Open the URL with the token, and you will be able to see the Jupyter interface. Try to open a new notebook and write in a cell to confirm that ROOT is available:

import ROOT
# Now you can work with PyROOT, creating a histogram for example
h = ROOT.TH1F("myHistogram", "myTitle", 50, -10, 10)
h.FillRandom("gaus", 10000)

c = ROOT.TCanvas("myCanvasName","The Canvas Title",800,600)
h.Draw()
c.Draw()

The bottom line: with any Jupyter notebook that you write, you can provide an Apptainer image that will set the environment required to execute the cells. It doesn’t matter if yourself or someone else comes in one, five, ten years, your code will work independently of the software available in your computer as far as Apptainer is available!

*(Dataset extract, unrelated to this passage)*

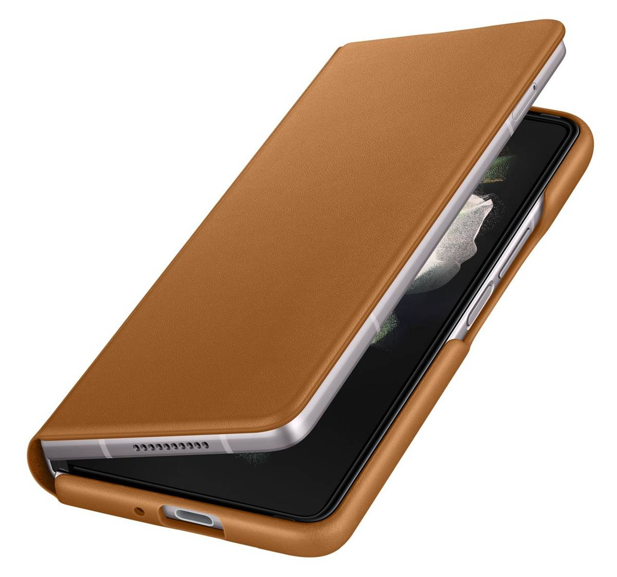 ✨ Etui Z Klapką Samsung Leather Flip Cover Brązowy do Galaxy Z Fold3 5G

A Jupyter notebook with Uproot available

Can you setup a Jupyter notebook server with Uproot available in Apptainer?

Hint: Uproot can be installed using pip.

Solution

Bootstrap: docker
From: ubuntu:20.04

%post
   apt-get update -y
   apt-get install -y python3
   apt-get install -y python3-pip
   pip install notebook
   pip install uproot

%startscript
  jupyter notebook --port 8850

Confirm that Uproot is available opening a notebook and executing in a cell

import uproot
print(uproot.__doc__)

Key Points

• Instances allow to setup services via Apptainer images or definition files.

• Code provided in Jupyter notebooks can be accompanied by a Apptainer image with the environment needed for its execution, ensuring the reproducibility of the results.